Congress left town last week, unable to agree on further pandemic relief. News coverage focuses on the political drama of legislating, but for tens of millions of Americans the issue is not drama or politics, it’s survival. Their financial house is on fire, and they are rightly wondering, will anyone come to help?
We know more than 30 million – roughly 1 in 5 – Americans are still unemployed. In our work at Commonwealth we are reminded of this each week: across multiple research projects since March, a stunning 30 to 50% of participants have reported job loss. These families decide – every week – what bills won’t get paid, how much more credit card debt they can take on, and which food pantries they haven’t already visited. It often means having to think more about your finances than your children.
If our political leaders won’t act, who can?
In truth, in moments of crisis, America responds across sectors. It took US industrial might and community-level sacrifice, as much as government and military action, to win the Second World War. After 9/11, private firms volunteered to cooperate with the federal government in unprecedented ways – and individuals across the country took in stranded travelers, and sent first responders to New York, Washington, and DC.
Our responsibility to tens of millions of fellow Americans isn’t absolved because our political leadership is dysfunctional. Now is the time for the private sector to remind the country of what it’s capable of – not just for shareholders, but for the nation.
A year ago The Business Roundtable challenged American firms to redefine their purpose to include being accountable to all their stakeholders… shareholders yes, but also employees, customers, suppliers, and communities. No one foresaw how prescient this call would become. Today many of these stakeholders are fighting for their life. Waiting for further government action is just not an option.
What would a private sector pandemic response look like? We’ve already seen some early examples, but on behalf of tens of millions still struggling, we have to ask: what more is possible? What are actions truly sized to the problem?
For starters, it means corporate America bringing its full power, capability and capital to this fight. At the beginning of the year, American firms were sitting on $4 trillion in cash reserves, and in 2019 paid out nearly half a trillion dollars in dividends to shareholders. Our technology and communications industries touch virtually every American household, most on a daily basis.
It means aggressive action by firms to prevent evictions and service shut-offs, suspend debt payments and extend credit, even to provide grants and essential goods and services free of charge.
How might the nation’s investment banks use their capital and influence to ensure no family loses housing while unemployment remains above pre-pandemic levels? Suppose our supermarkets, farmers, and mega-retailers decided that no one will go hungry while the pandemic persists. Could our tech industry simply commit to ensure every school and student remains connected until it is safe for all children to be back at school? Imagine the nation’s biggest banks set a goal that no more small businesses will fold over the next 12 months.
To be sure, none of these are simple, easy, or costless undertakings. But does anyone doubt America’s most powerful, innovative firms could accomplish all of these, if they resolved to?
The goal is not to replace government, but to complement it – perhaps even to shame it, challenge it, or just simply to recognize the devastating need around us and step into the breach. In a word, to lead.
Many private sector leaders recognize, on some deep level, that many of our trend lines simply can’t continue forever – wealth disparities, systemic racism, loss of trust in institutions – “something has to give.” They know equally that there is no reward – and often swift punishment – for going first, or acting alone. Viewed through this lens, 2020 is a game changer; this is the moment when private sector leadership is critically needed, and there are real risks for firms seen as shirking their responsibility.

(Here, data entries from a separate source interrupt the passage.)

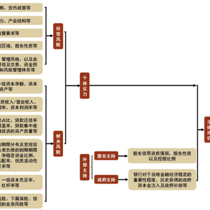 ► 政府支持:银行对于所在地金融经济稳定的重要性程度较高,因此较易获得政府的支持。银行获得政府支持的程度与银行的规模、当地银行的数量、控股股东性质等有关。
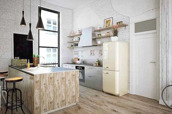 Оформление кухни в стиле Лофт в светлых цветах имеет немало достоинств:
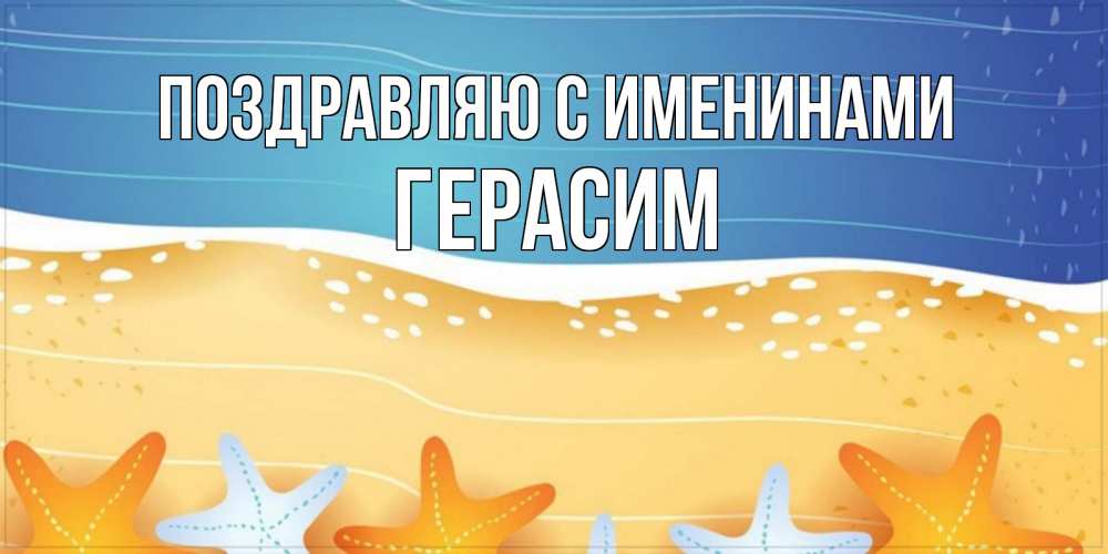 Открытка Поздравляю с именинами Герасим. морской пляж и звезды и песок. красивая морская тема
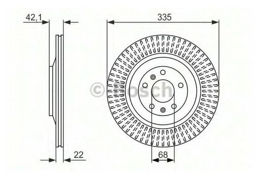 Disc diameter: 335 mm, central hole diameter: 68 mm, number of mounting holes: 5, disc thickness: 22 mm, minimum disc thickness: 20 mm, thickness: 22 mm, internal ventilation
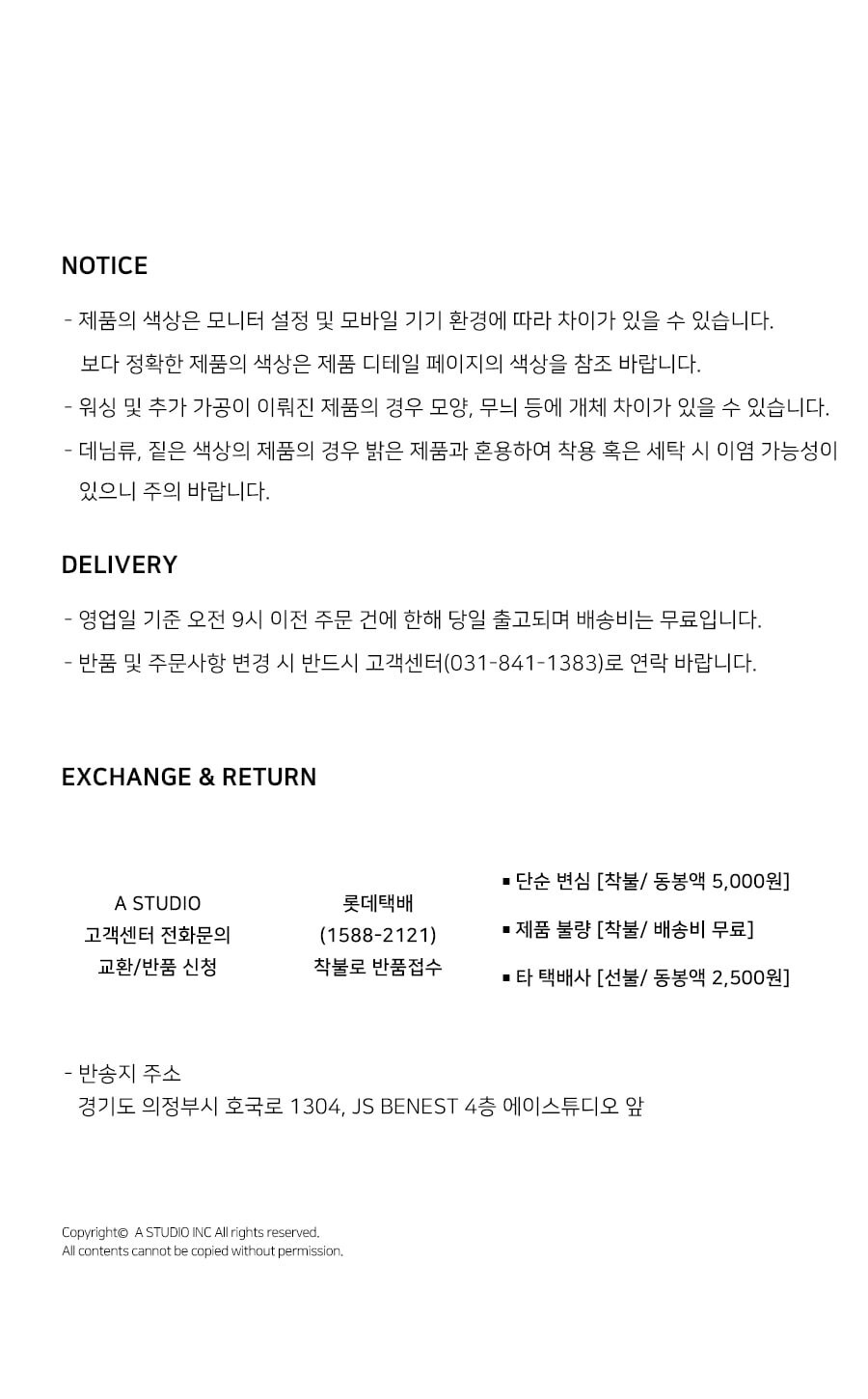 상품상세설명에 배송/교환/반품/취소 관련 안내가 기재된 경우 다음 안내사항보다 우선 적용됩니다.
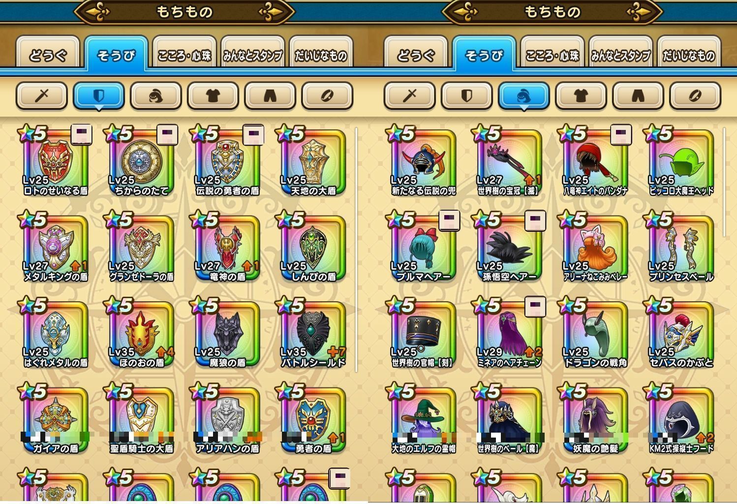 アカウント特定防止といった観点から、主な武具・こころを抜粋して記載させていただいております。
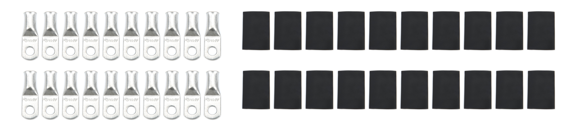 Product Description Battery Terminal - 4 Gauge - 1/4 in Eyelet - Heat Shrink Included - Copper - Tin Plated - Set of 20
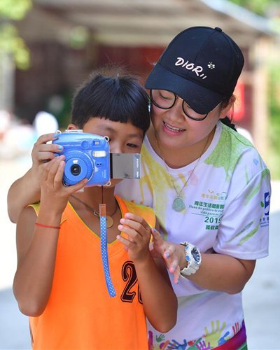 A volunteer from Macao teaches a child how to use camera at Wuying, a Miao village under joint administration of Rongshui County, south China's Guangxi Zhuang Autonomous Region, and Congjiang County, southwest China's Guizhou Province, Aug. 11, 2019. (Xinhua/Huang Xiaobang)
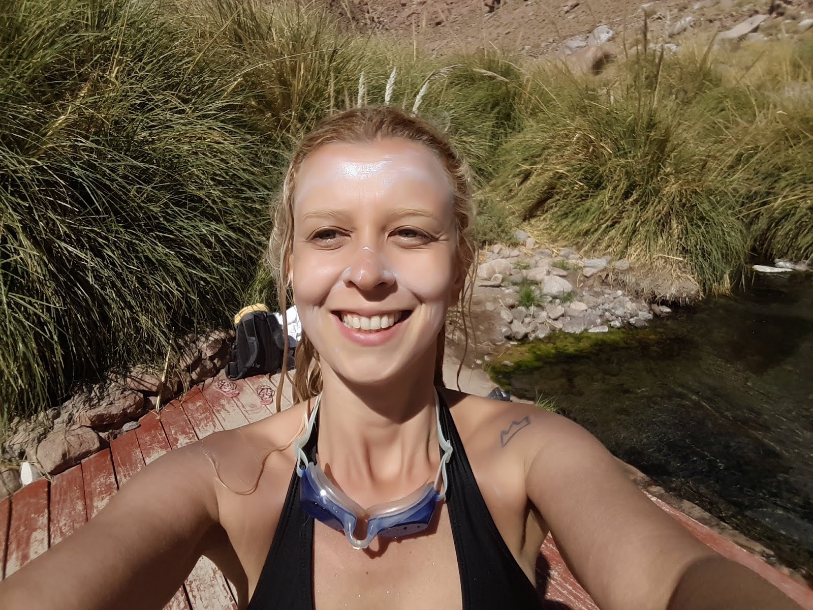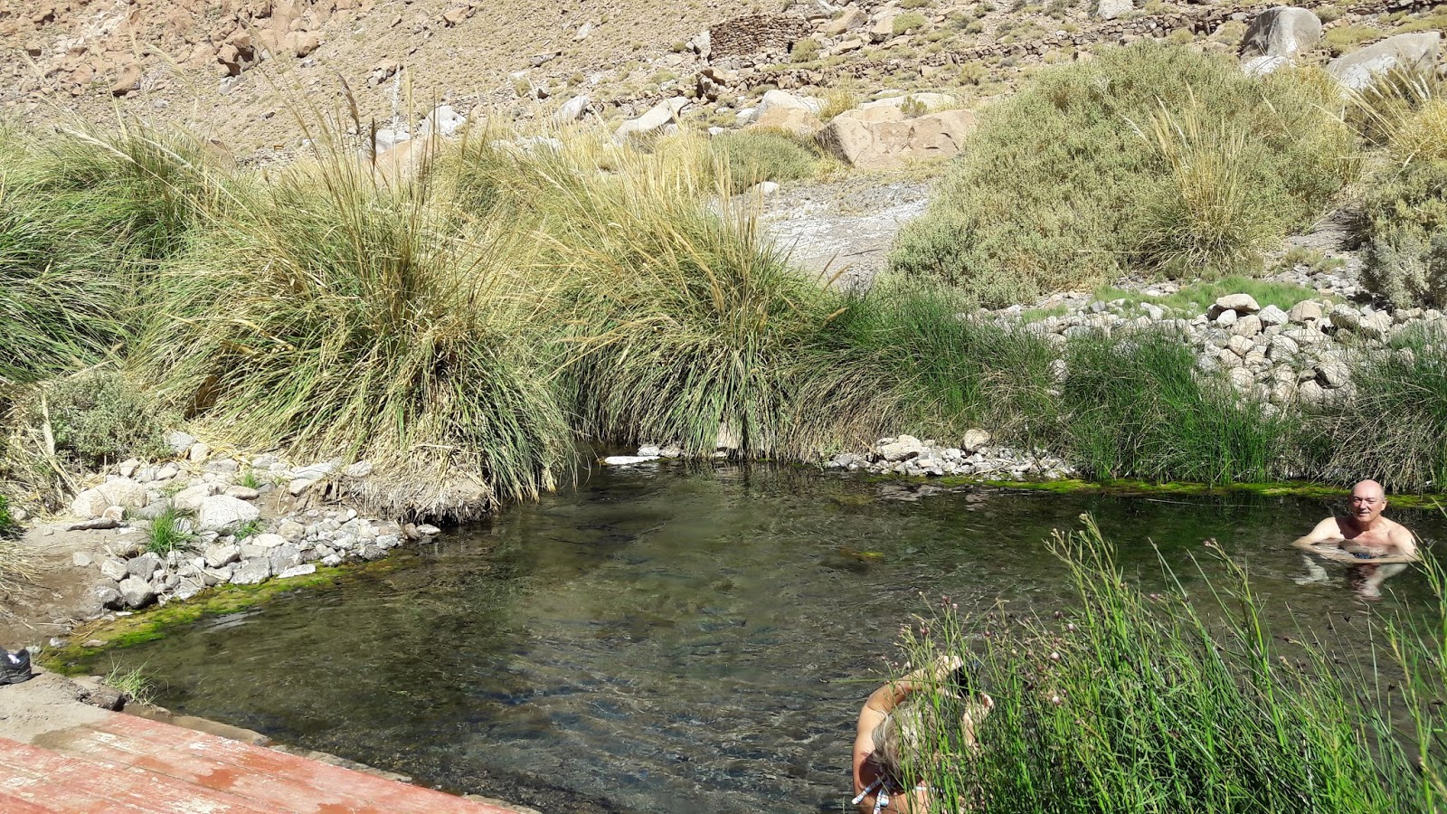 Optei pelo passeio vespertino, logo, segui até a agência para esperar a van que levaria o grupo até o ponto turístico (buscam no hotel apenas na saída pela manhã), que fica localizado a 30 km de San Pedro do Atacama. Suas águas nascem das Cordilheiras do Andes – conseguem a temperatura quente em razão da proximidade com materiais vulcânicos. Essas águas fluem na superfície do Rio Puritama, originando 8 piscinas naturais rodeadas por vegetação nativa.
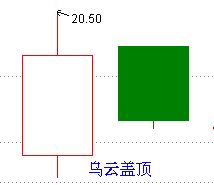 刺透形態(tài),在形態(tài)上是和頂部形態(tài)研究中的烏云蓋頂相對(duì)應(yīng)的底部形態(tài),我們來通過下面兩幅圖對(duì)比一下:
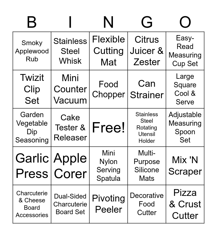 This bingo card has a free space and 66 words: Measuring Cup Set, Batter Bowl, Smooth Edge Can Opener, Mix 'N Scraper, Plastic Mixing Bowl, Measure-All Cup, Stainless Steel Whisk, Glass Prep Bowl, Food Chopper, Cinnamon Plus Spice, Mini Nylon Serving Spatula, Whipped Cream Maker & Decorator, Adjustable Measuring Spoon Set, Easy-Read Measuring Cup Set, Brilliance Nonstick Square Pan, Twizit Clip Set, Cake Tester & Releaser, Smoky Applewood Rub, Honey Sriracha Seasoning, Can Strainer, Apple Corer, Garlic Press, Citrus Juicer & Zester, Adjustable Course Grater, Electric Pop & Stir, Citrus Press, Everything Bagel Seasoning, Pizza Stone, Pizza & Crust Cutter, Large Stainless Steel Scoop, Charcuterie & Cheese Board Accessories, French Onion Dip Seasoning, Serrated Nylon Server, Nesting Silicone Trivets, Multi-Purpose Silicone Mats, Dual-Sided Charcuterie Board Set, Creamy Jalapeno Seasoning, Garden Vegetable Dip Seasoning, Decorative Food Cutter, Pepper Corer, Mini Counter Vacuum, Anniversary Scraper, Stainless Steel Rotating Utensil Holder, Rapid Prep Mandoline, Cup Slicer, Anniversary Collection Pottery, Large Square Cool & Serve, Kid's Club, Coating Trays & Tongs, Chef's Silicone Basting Brush, Hand Pie & Pocket Maker, Pastry Mat, Coated Chef's Knife, All Purpose Spreader, Stainless Steel Egg Separator, Silicone Prep Bowl Set, Baker's Roller, Kitchen Pairing Knife, Flexible Cutting Mat, Pivoting Peeler, Homemade Dog Treat Gift Set, Gingerbread Bake & Build Box, Dipping Oil Sampler Set, Powdered Sugar Shaker, Holiday Mini Mitten Tongs and Hot Chocolate Gift Set.
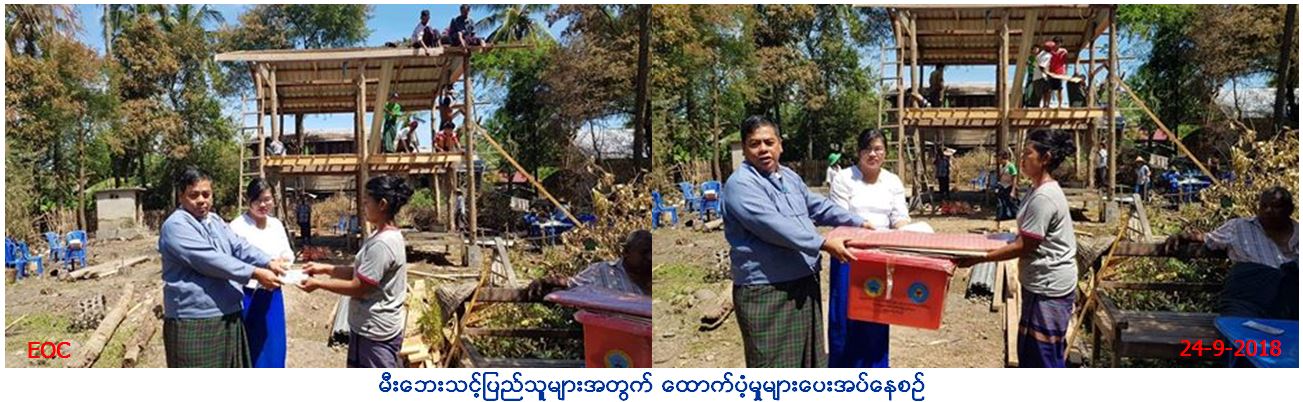 လူမှုဝန်ထမ်း၊ ကယ်ဆယ်ရေးနှင့်ပြန်လည်နေရာချထားရေးဝန်ကြီးဌာန၊ ဘေးအန္တရာယ်ဆိုင်ရာစီမံခန့်ခွဲမှုဦးစီးဌာန၊ ပြည်ထောင်စုနယ်မြေ၊ နေပြည်တော်တိုင်းဦးစီးမှူးရုံးမှ တိုင်းဦးစီးမှူးနှင့် တာဝန်ရှိသူများသည် (၂၃.၉.၂၀၁၈)ရက်နေ့တွင် ပျဉ်းမနားမြို့နယ်အတွင်း ရွာသစ်ကျေးရွာ အုပ်စု၊ ကျွန်းကုန်းကျေးရွာတွင် မီးဘေးဖြစ်ပွားမှုကြောင့် လူနေအိမ်(၁)လုံး မီးလောင်ကျွမ်းခြင်းအတွက် အိမ်ဆောက်ပစ္စည်းဖိုးငွေ (၂၀၀၀၀၀/-) ကျပ်၊ လူဦးရေ(၅)ဦးအတွက် ဆန်ဖိုးငွေ(၁၀၅၀၀/-)ကျပ်၊ စုစုပေါင်းရန်ပုံငွေ (၂၁၀၅၀၀/-)ကျပ်နှင့် (၃၇၃၅၃/-)ကျပ်တန်ဖိုးရှိ ကယ်ဆယ်ရေး ပစ္စည်း (၁၆)မျိုး(၁)အိမ်ထောင်စာတို့အား (၂၄.၉.၂၀၁၈)နေ့ (၁၁း၃၀)အချိန်တွင် ပြည်သူများလက်ဝယ်သို့ သွားရောက်ထောက်ပံ့ပေးအပ်ခဲ့ ကြောင်း သတင်းရရှိပါသည်။
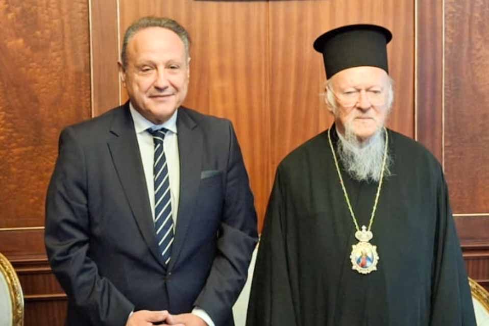 Από τον Οικουμενικό Πατριάρχη κ.κ. Βαρθολομαίο έγινε δεκτός σήμερα, στο Φανάρι, ο δήμαρχος Θεσσαλονίκης Στέλιος Αγγελούδης, ο οποίος πραγματοποιεί επίσκεψη στην Κωνσταντινούπολη. Η συνάντηση των δύο ανδρών διεξήχθη σε εγκάρδιο κλίμα, όπως αναφέρει σε δήλωσή του ο δήμαρχος Θεσσαλονίκης, τονίζοντας ότι ήταν τιμή του να συναντηθεί με τον Οικουμενικό Πατριάρχη και επισημαίνοντας τον εξέχοντα ρόλο του Πατριαρχείου για την Ορθοδοξία.
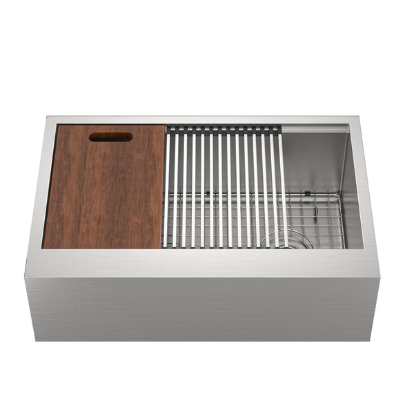 A nova cuba de cozinha foi pensada para transformar a experiência na cozinha. Seu design minimalista e imponente se alia a uma seleção de acessórios que ampliam as possibilidades no uso diário. Tábua de madeira nobre: perfeita para cortes rápidos trazendo praticidade para o dia a dia; escorredor em aço inox: encaixe preciso e otimização do espaço da bancada; grade de proteção: além de preservar o fundo da cuba, serve como escorredor de louças e utensílios.
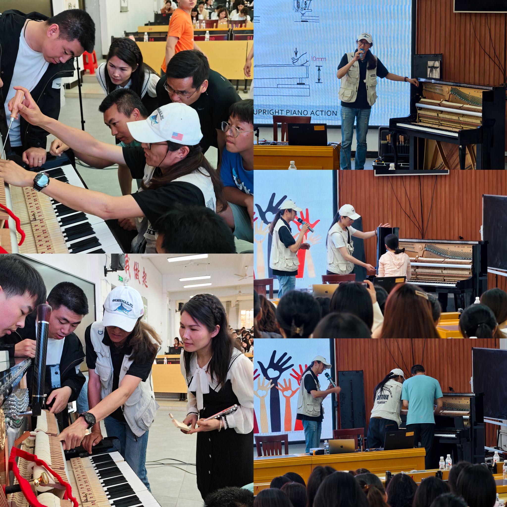 在实操环节中,肖冬老师现场演示了钢琴拆解流程,重点讲解了琴键异常处理、杂物清理和止音毡检查等要点,并通过泛音听辨方法,引导教师掌握音准问题的识别与定位技巧。随后,他组织教师分组上台实践,并向积极参与的教师代表赠送了钢琴清洁布和保养蜡,现场气氛热烈而高效。
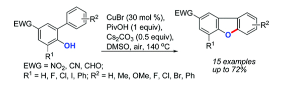 二苯并呋喃是許多活性藥物分子和天然產(chǎn)物的核心結(jié)構(gòu)單元。但是傳統(tǒng)的合成方法存在合成路線長,原子利用率低等諸多缺點。中科院廣州生物院朱強博士研究組利用銅催化的C?H鍵活化方法成功合成了一系列的二苯并呋喃及其衍生物,相關(guān)成果近期發(fā)表在美國化學(xué)會期刊《有機化學(xué)快報》上 (Org. Lett. 2012, 14, 1078–1081.)。
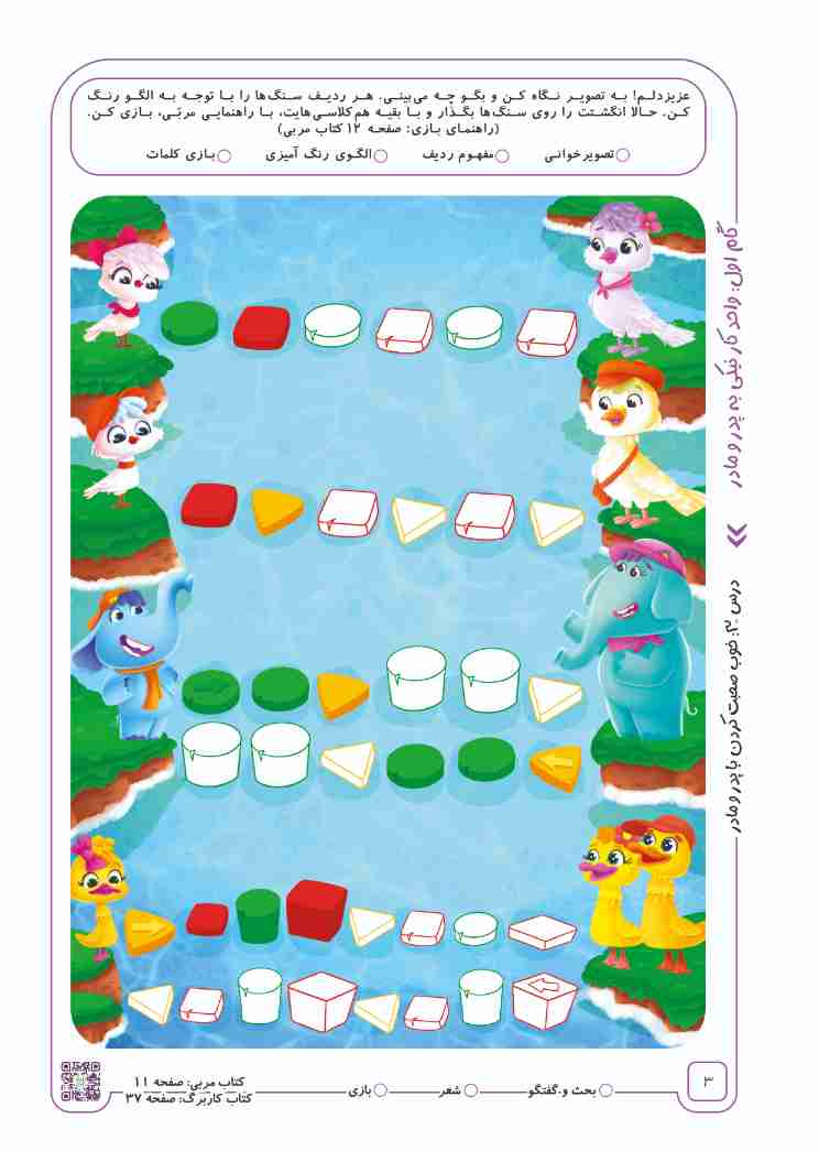 در هر ردیف، پس از رنگ کردن سنگها طبق الگوی داده شده، کودکان انگشت خود را روی سنگها قرار دهند و بهترتیب به هر رنگ سنگی که رسیدند، از این کلمات استفاده کنند.

If history teaches us anything, it’s that change finds a way. Often it catches us off guard, sparked by a tipping point that surprises us – and then it’s rarely orderly, organized, or pretty. But six months into an unprecedented pandemic, nothing should surprise us. The next 90 days may be the last chance corporate leaders have to to signal clearly that their loyalty to our country and the common good exceeds their duty to their firms’ owners. Their last chance to help shape the change that lies ahead, rather than be shaped by it.
CEOs of America, your country needs you. For the sake of the nation, and millions of families looking into an economic abyss, now is the time to show us what you and your firms can do.